Australia’s tourism sector went from strength to strength in 2016, recording yet another huge increase in short-term visitor arrivals.
According to data released by the ABS on Monday, short-term arrivals grew by 0.6% to 706,900 in December in seasonally adjusted terms, some 6.8% higher than the levels of December 2015.
That left total arrivals in 2016 at a whopping 8.2412 million, up 788,300, or 10.6%, on the numbers of a year earlier.
Given the continued growth, it’s perhaps unsurprising that the annual figure was the highest on record.
That’s good news for Australia, delivering a much needed economic windfall to the Australian economy at a time when other sectors have been struggling.
And while arrivals from other major markets have improved over the past year — aided by past weakness in the Australian dollar — a fair chunk of the growth recorded in total short-term arrivals last year came from one nation in particular: China.
Including arrivals from Hong Kong, short-term visitors from China swelled to 1.4566 million in 2016, the highest number on record.

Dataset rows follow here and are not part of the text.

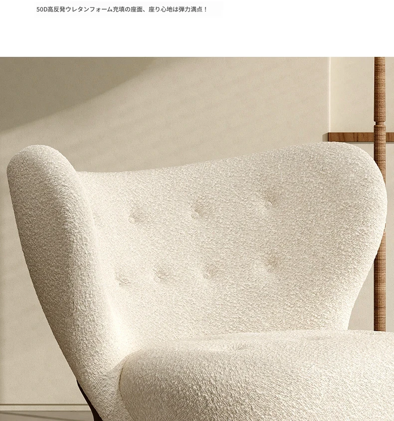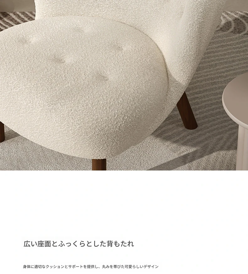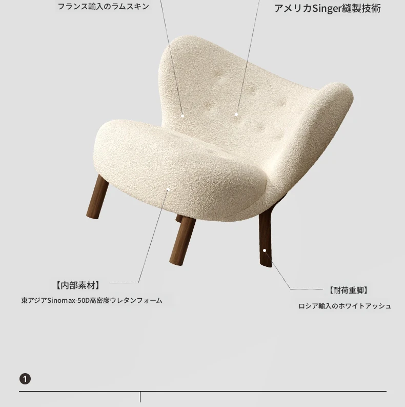 デンマークデザインのラムスキンレトロクリーム風一人掛けソファ、インスタ映えするリビングのラウンジチェア、リラックスしてくつろげる完璧なアイテム!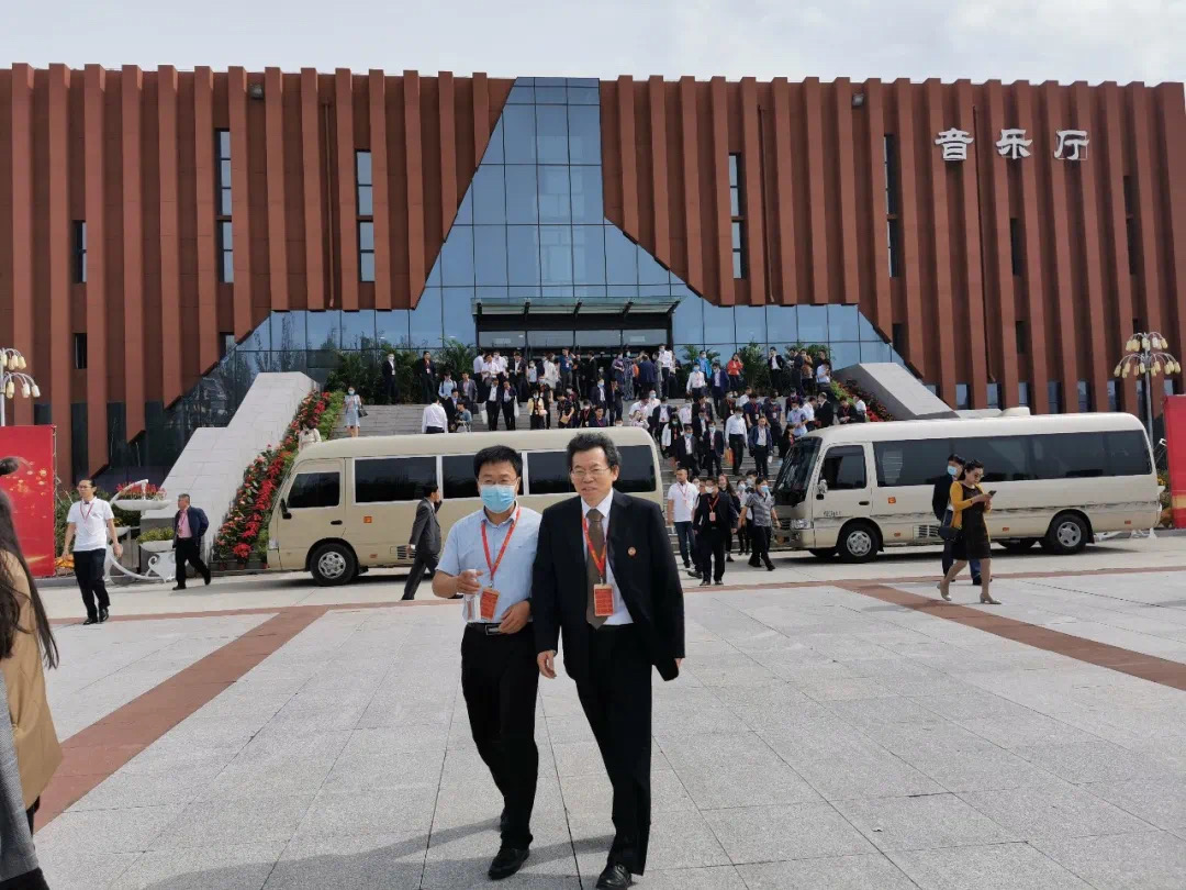 图 | bv伟德国际1946党委书记邵强、院长赵俊平与校友在音乐厅前合影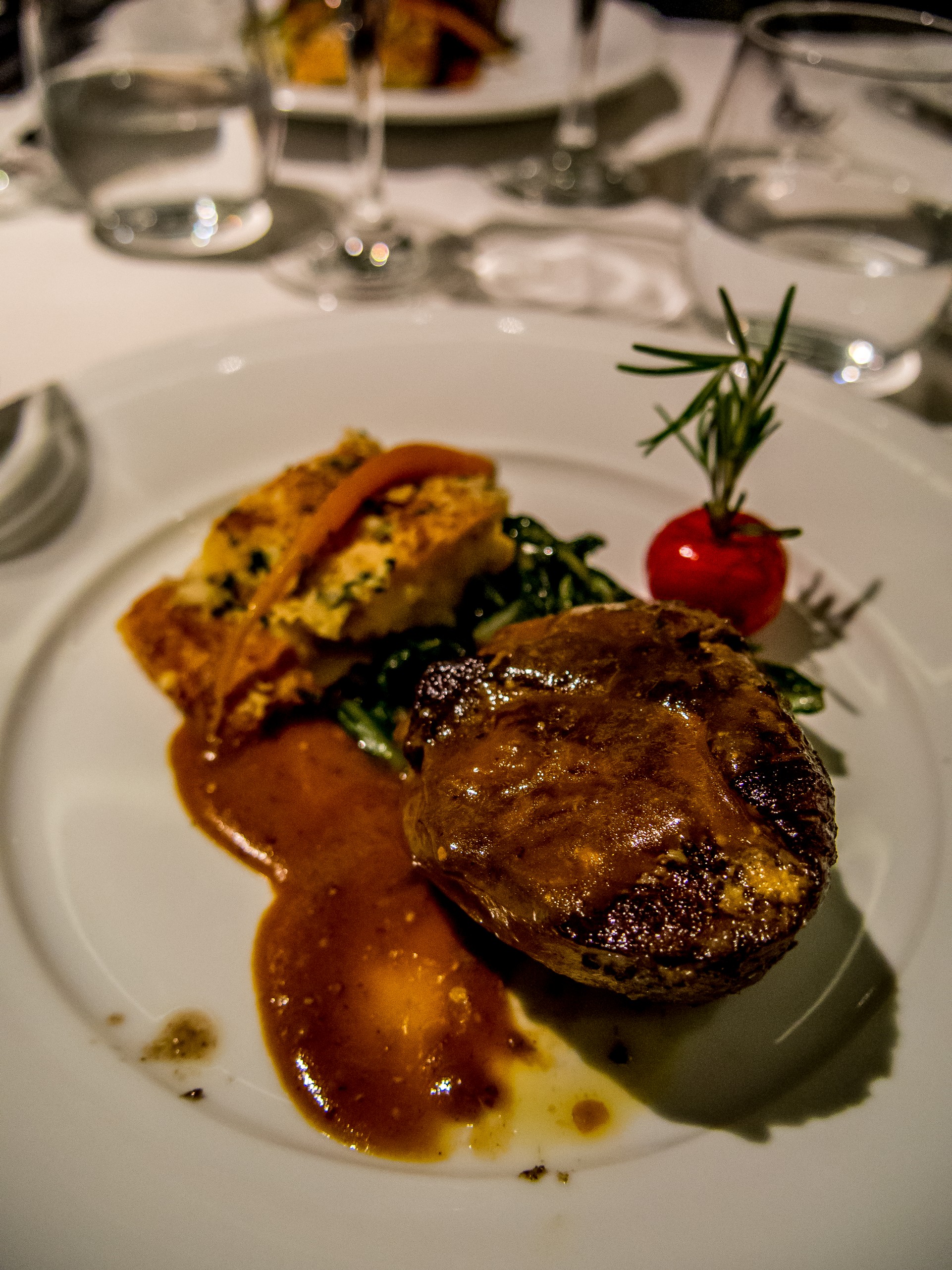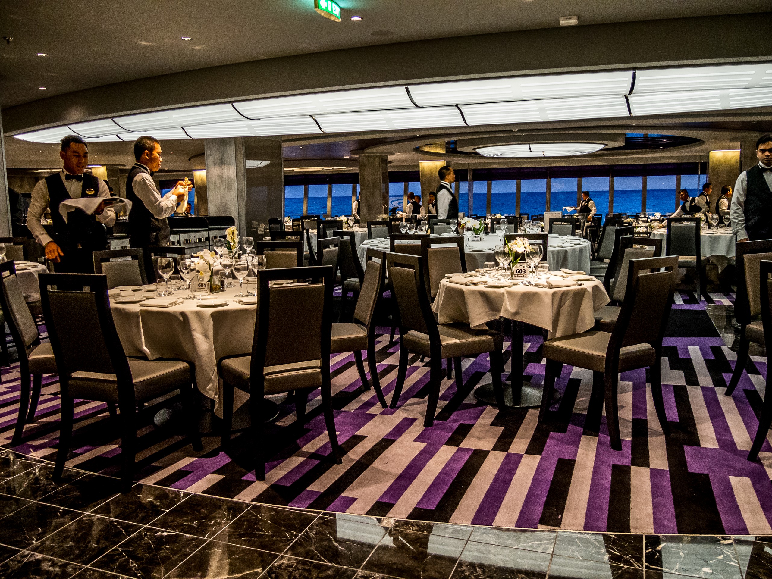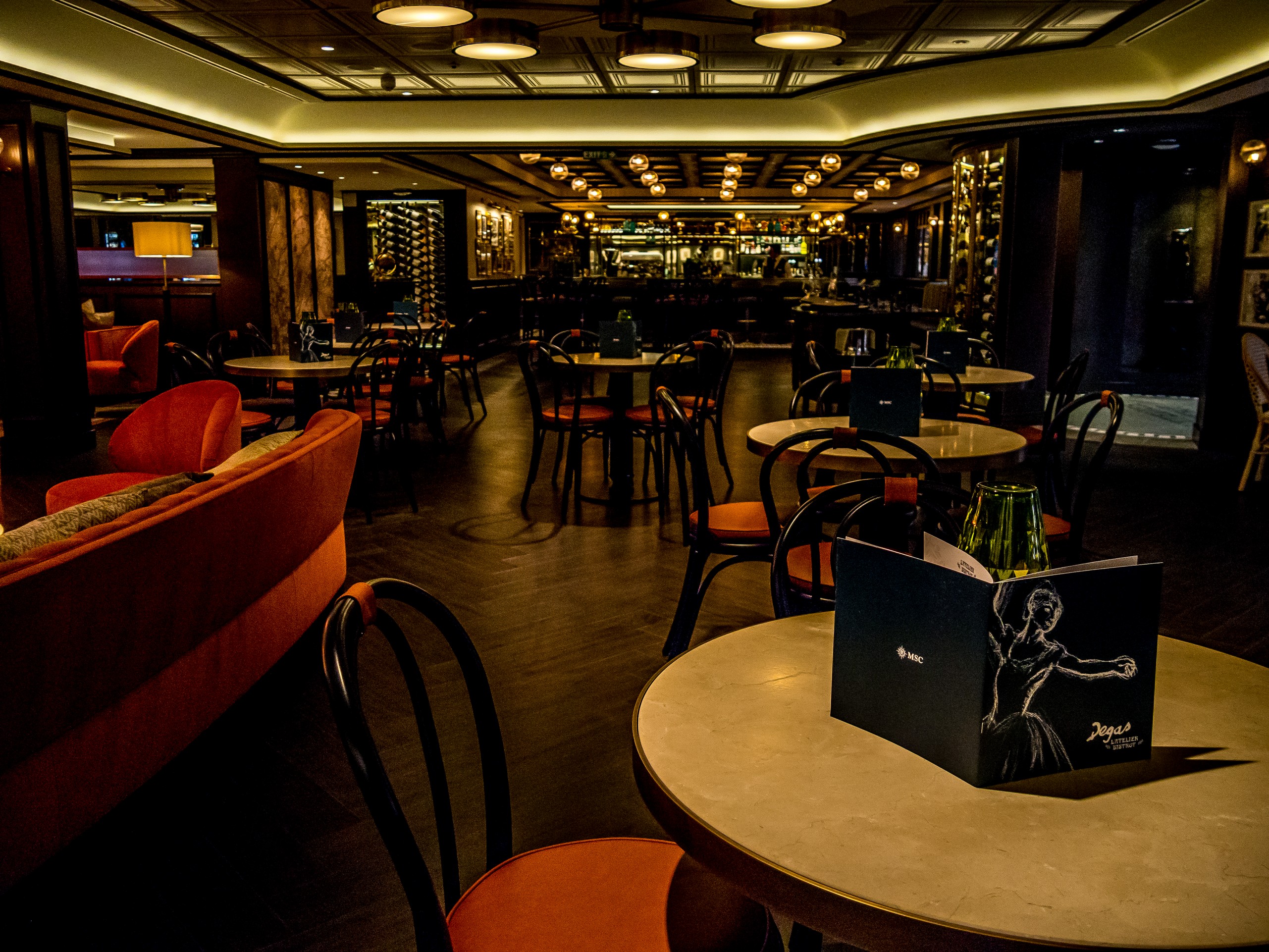 On va commencer par un aspect SUUUPER important dans une croisière : les restaurants. Impossible de rentrer d'une croisière sans avoir pris un peu de poids et sur le MSC Grandiosa, il n'y a pas moins de 11 restaurants (et 20 bars). Cinq d'entre eux sont les restaurants principaux (qui sont compris dans le prix de la croisière) et sauf si vous y aller à l'heure du dîner, vous ne les verrez pas tous car un restaurant, une heure et une table sont attribués par cabine pour le service du soir. C'est rare d'avoir autant de restaurants principaux au sein d'un navire mais il semble que la tendance soit à la multiplication pour que les espaces soient un peu moins impersonnels. Chacun (« Il Campo », « La perle grise », « La perla griggia », « La Loggia » et le « Purple Crab ») ont leur ambiance et leur style mais j'ai une petite préférence pour le Purple Crab, à la poupe du bateau (tout comme La Loggia) mais un pont au dessus. Si jamais ce restaurant ne vous est pas attribué, venez-y pour le petit-déjeuner ou le dîner ! Qu'en est-il des dîners, d'ailleurs ? Eh bien, j'ai été encore fois agréablement surprise par la qualité des plats : savoureux, bien dressés... Comparé aux expériences sur les bateaux américains où c'est passable avec une énorme quantité dans l'assiette, c'est vraiment un gros plus, pour les papilles mais aussi en terme de gaspillage puisque toutes les assiettes sont reparties vides, de l'entrée au dessert.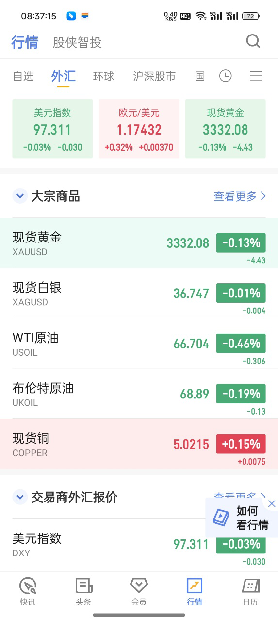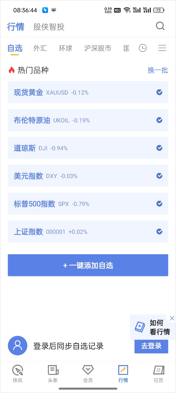 分类大宗商品、外汇、A股与期货等,加入自选快速关注行情数据。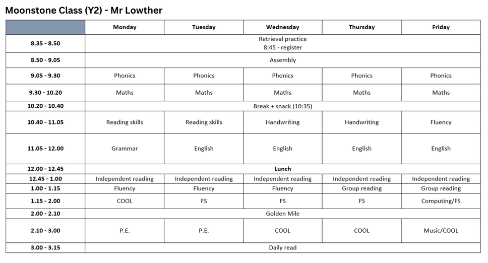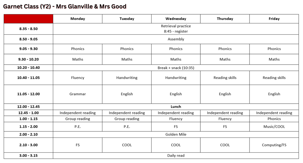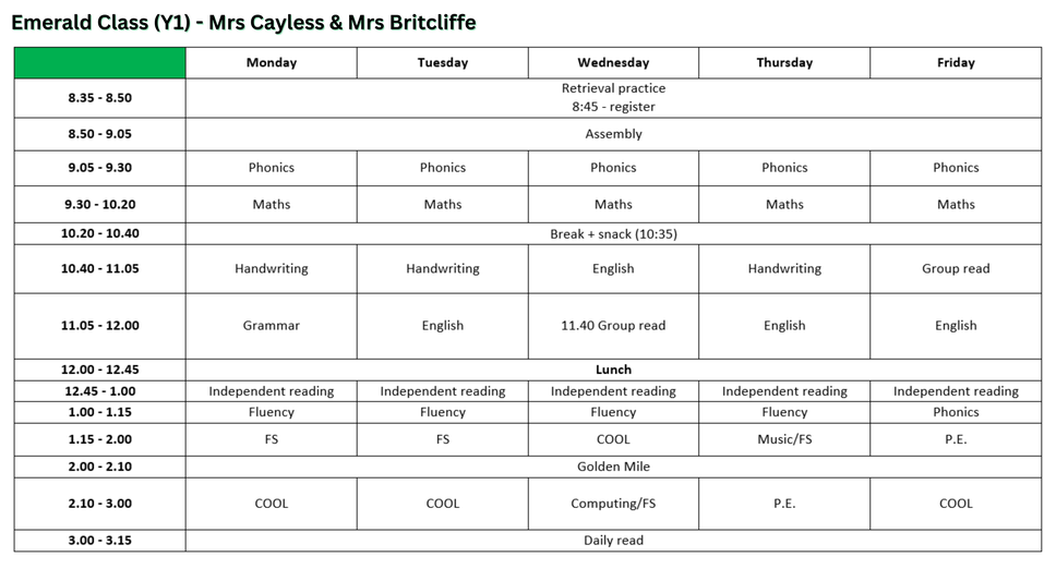 On this page you will find the timetables for each of the classes in Year 1 and 2.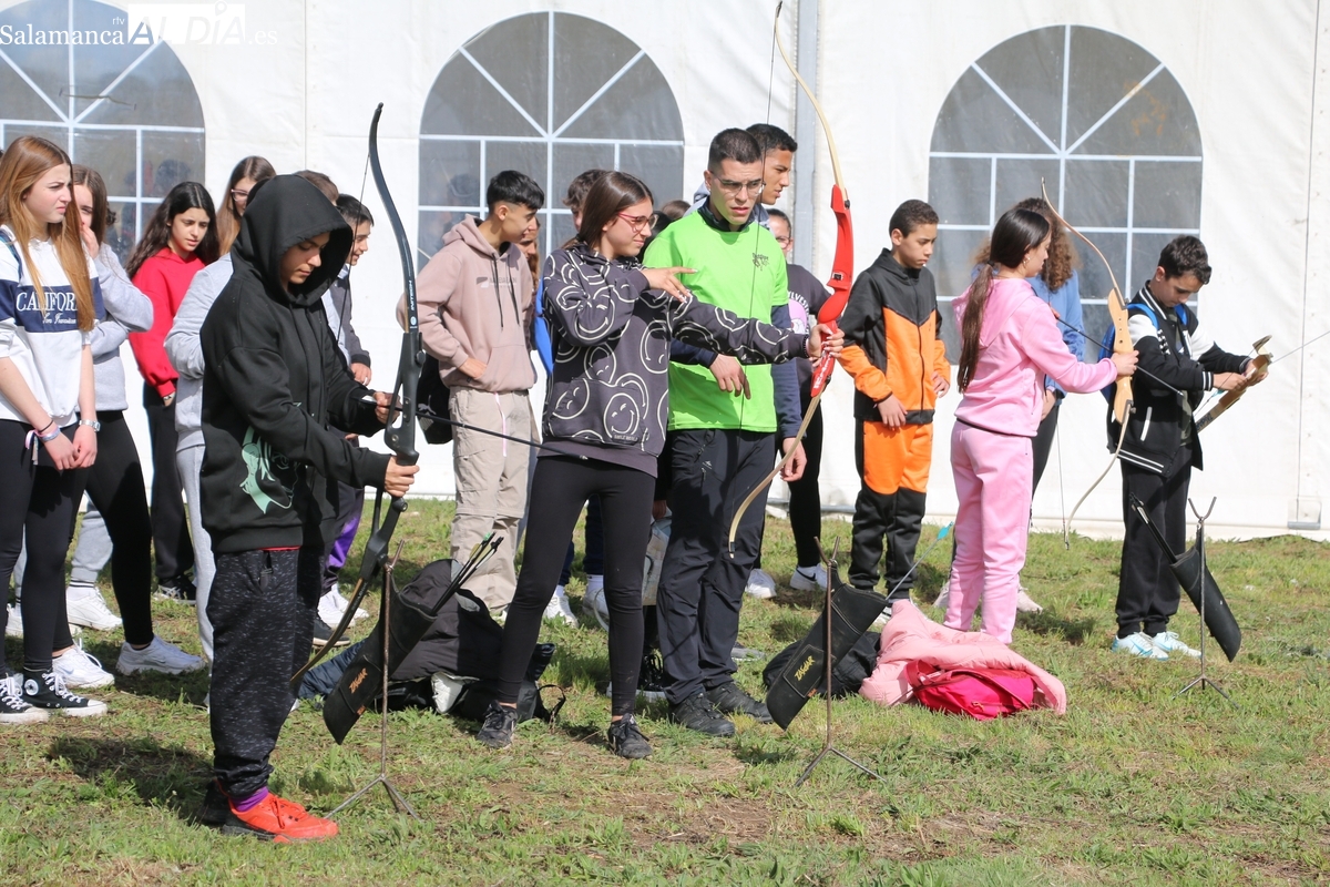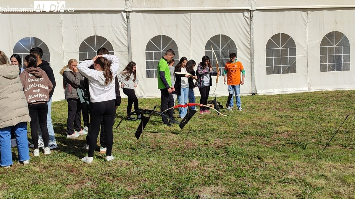 Villavieja de Yeltes aparecía este domingo como en sus mejores tiempos. Más de 500 jóvenes procedentes de 54 municipios de la provincia participan este domingo 6 de abril en la X Feria Jóvenes Despiertos, evento organizado por la Diputación de Salamanca, a través del área de Bienestar Social y Juventud, y que tiene como finalidad crear espacios de encuentro y participación para los jóvenes de la provincia.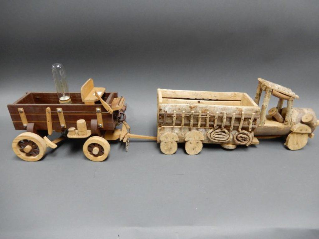 WOODEN LIGHT UP WAGON & HAND MADE TRUCK 19" X 7 1/2" X 10 WAGON - MODEL KIT - 19" X 6" X 8" TRUCK LOCATION: LOWER LEFT

That was up 15.1% on the levels of 2015, or a massive 190,900. Put another way, 24.2% of the total increase reported last year came from Australia’s largest trading partner.
Yet another reminder that Australia’s trade relationship with China now goes far beyond commodity exports such as iron ore and coal.
China is now the largest source of short-term arrivals by some margin, displacing New Zealand for that title earlier in the year, and the numbers are only continuing to surge at present.